(Stored items)
Segment Open

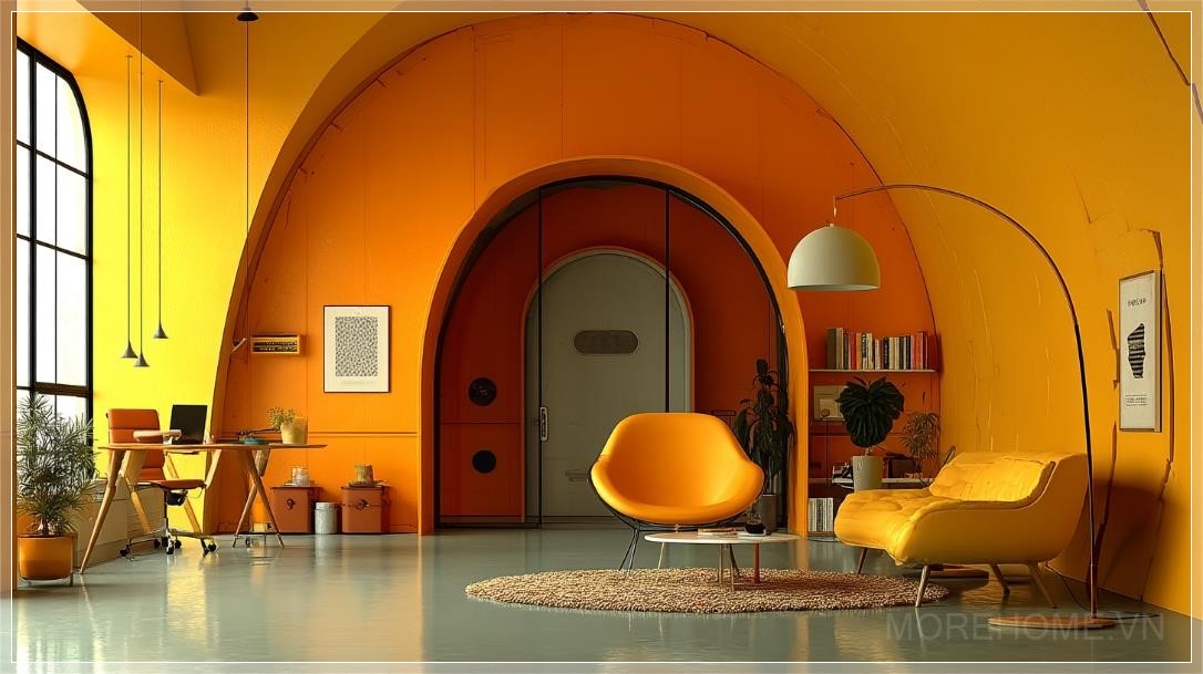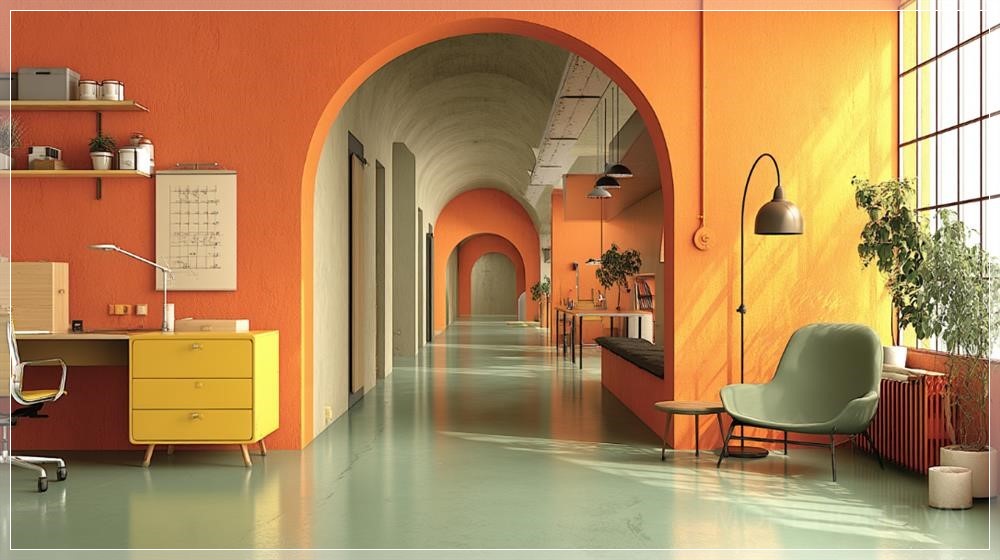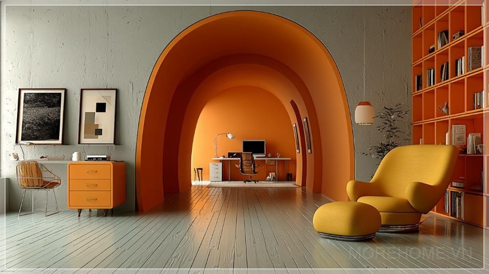 Một góc nhìn kỳ lạ, với một văn phòng đẹp mắt có bức tường màu cam làm nền, được tạo ra theo phong cách hoạt hình, như thể từ một bộ phim 3D Pixar. Không gian được thiết kế với các chi tiết ngộ nghĩnh, màu sắc tươi sáng và những hình khối đơn giản nhưng đầy sức sống. Các món đồ nội thất như bàn, ghế và kệ sách đều có thiết kế mềm mại, đầy màu sắc, tạo nên một không gian làm việc thú vị và vui nhộn. Tất cả đều mang đậm phong cách hoạt hình, tạo cảm giác vui tươi và dễ chịu.
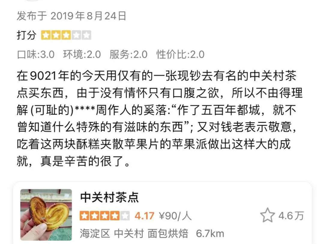 在大众点评上,不管老字号的人气有多牛,星级有多高,历史多悠久,差评总是如影随形,“中关村茶点部”就有这么一条评论。
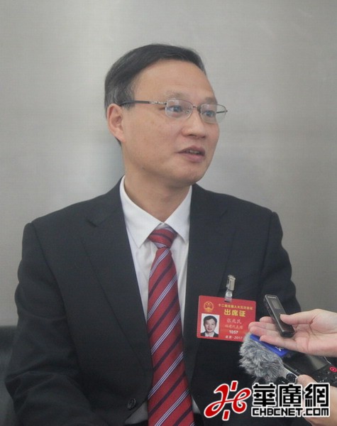 全国人大代表、平潭综合实验区党工委书记张兆民接受华广网记者采访(廖一杰 摄)
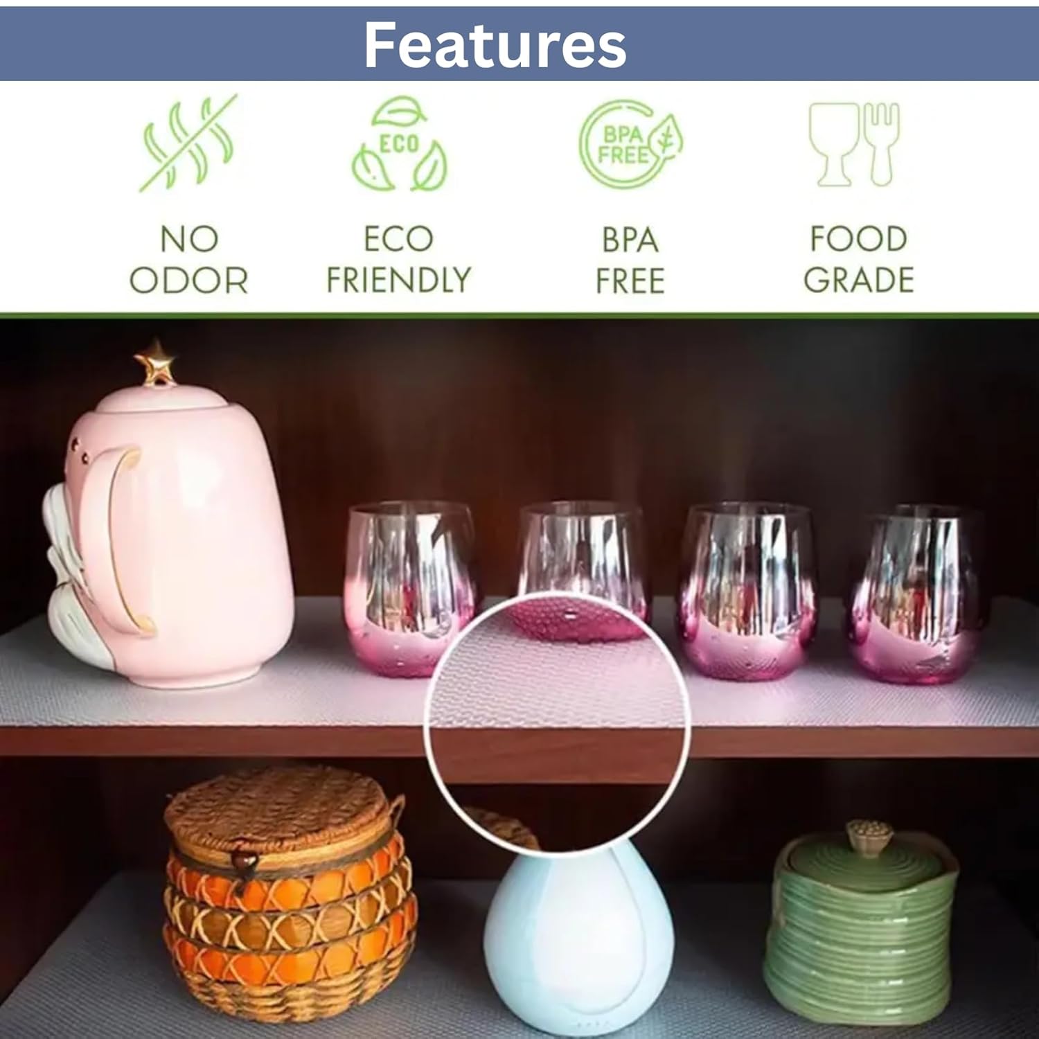 ✅ DIY-Friendly & Customizable – Easily cut to your desired size and shape for a perfect fit on any surface. Great for creative home organization and DIY projects. Suitable for kitchen drawer mats and shelf liners for wardrobe use.
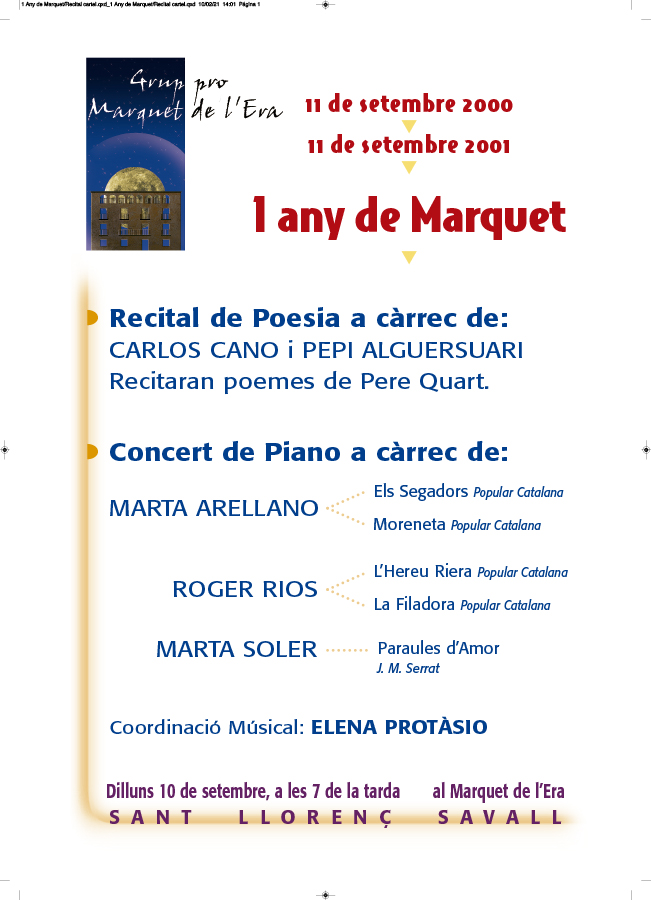 Activitats commemoratives del primer any de feina del Grup Pro Marquet de l’Era.
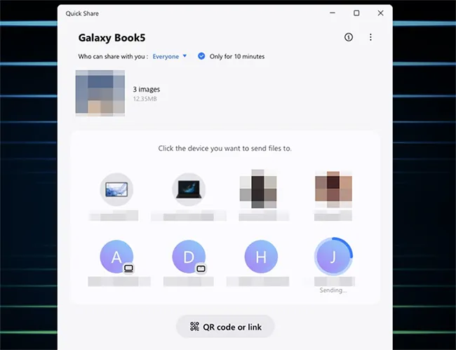 在 Windows 电脑上,请确保已安装“快速共享”应用。在 Android 手机上,请从“快速设置”面板启用“快速共享”设置。
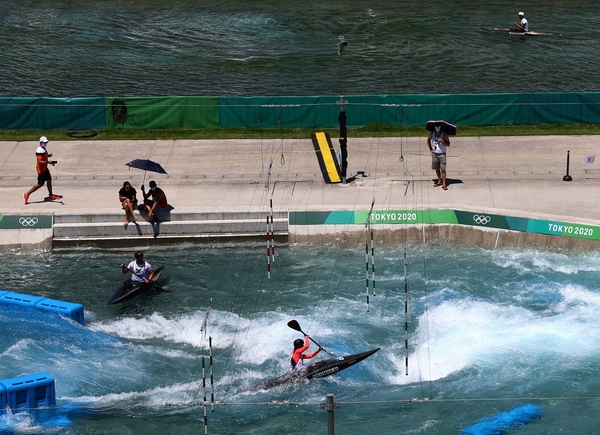當地時間7月17日,在日本東京,運動員們在2020年東奧葛西皮划艇激流迴旋中心進行訓練。
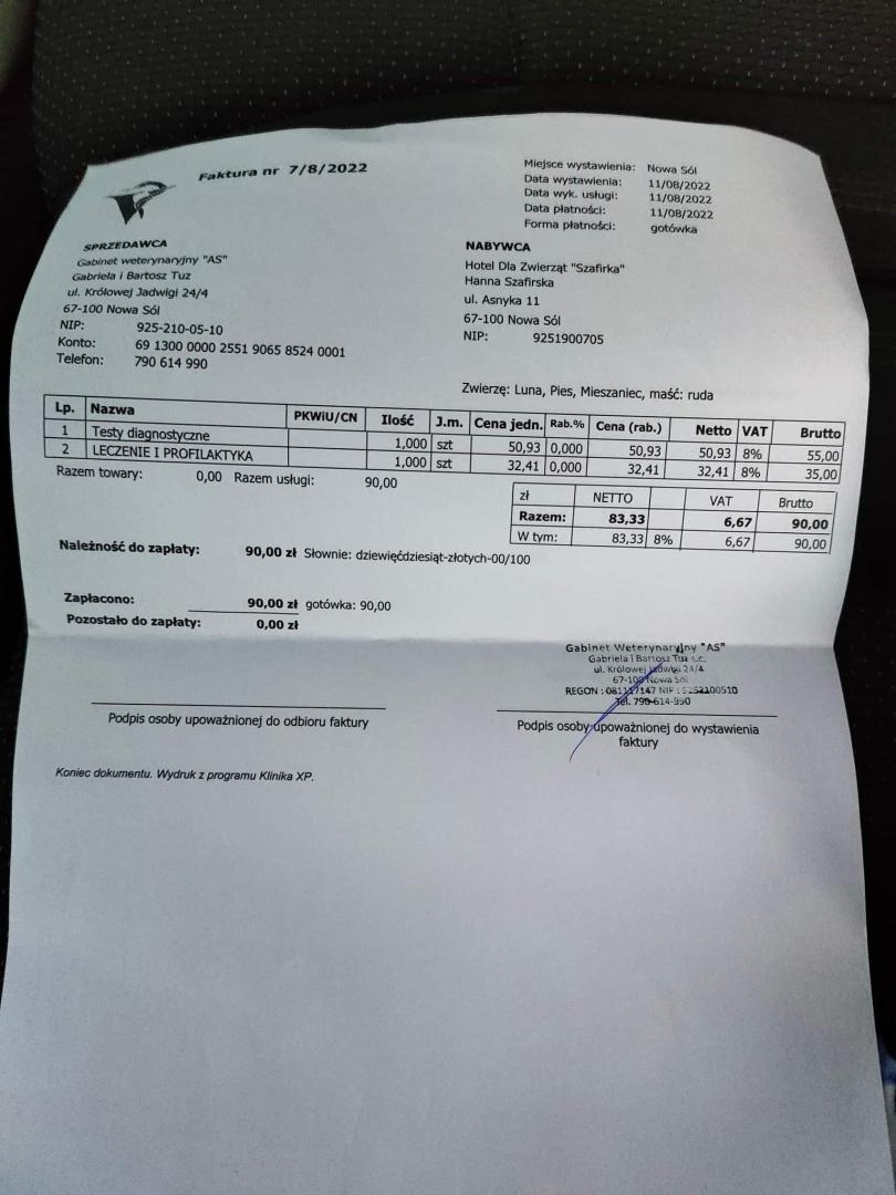 Zojka to bardzo fajna sunia, otwarta, rozszczekana, zainteresowana całym światem na raz Zna smycz, nie przepada za pozowaniem do zdjęć, może jak już wszystko pozna, to zatrzyma się na chwilę. Jej sierść jest w fatalnym stanie, najlepiej byłoby ją ostrzyc, żeby skóra odpoczęła i włos odrósł zdrowo. Za chwilę zostanie odrobaczona, dostanie krople na pchły i kleszcze.

Segment Closed

The task
Repeat the records above verbatim, with no pictures in the result.

Exercise output
 Một góc nhìn kỳ lạ, với một văn phòng đẹp mắt có bức tường màu cam làm nền, được tạo ra theo phong cách hoạt hình, như thể từ một bộ phim 3D Pixar. Không gian được thiết kế với các chi tiết ngộ nghĩnh, màu sắc tươi sáng và những hình khối đơn giản nhưng đầy sức sống. Các món đồ nội thất như bàn, ghế và kệ sách đều có thiết kế mềm mại, đầy màu sắc, tạo nên một không gian làm việc thú vị và vui nhộn. Tất cả đều mang đậm phong cách hoạt hình, tạo cảm giác vui tươi và dễ chịu.
 在大众点评上,不管老字号的人气有多牛,星级有多高,历史多悠久,差评总是如影随形,“中关村茶点部”就有这么一条评论。
 全国人大代表、平潭综合实验区党工委书记张兆民接受华广网记者采访(廖一杰 摄)
 ✅ DIY-Friendly & Customizable – Easily cut to your desired size and shape for a perfect fit on any surface. Great for creative home organization and DIY projects. Suitable for kitchen drawer mats and shelf liners for wardrobe use.
 Activitats commemoratives del primer any de feina del Grup Pro Marquet de l’Era.
 在 Windows 电脑上,请确保已安装“快速共享”应用。在 Android 手机上,请从“快速设置”面板启用“快速共享”设置。
當地時間7月17日,在日本東京,運動員們在2020年東奧葛西皮划艇激流迴旋中心進行訓練。
 Zojka to bardzo fajna sunia, otwarta, rozszczekana, zainteresowana całym światem na raz Zna smycz, nie przepada za pozowaniem do zdjęć, może jak już wszystko pozna, to zatrzyma się na chwilę. Jej sierść jest w fatalnym stanie, najlepiej byłoby ją ostrzyc, żeby skóra odpoczęła i włos odrósł zdrowo. Za chwilę zostanie odrobaczona, dostanie krople na pchły i kleszcze.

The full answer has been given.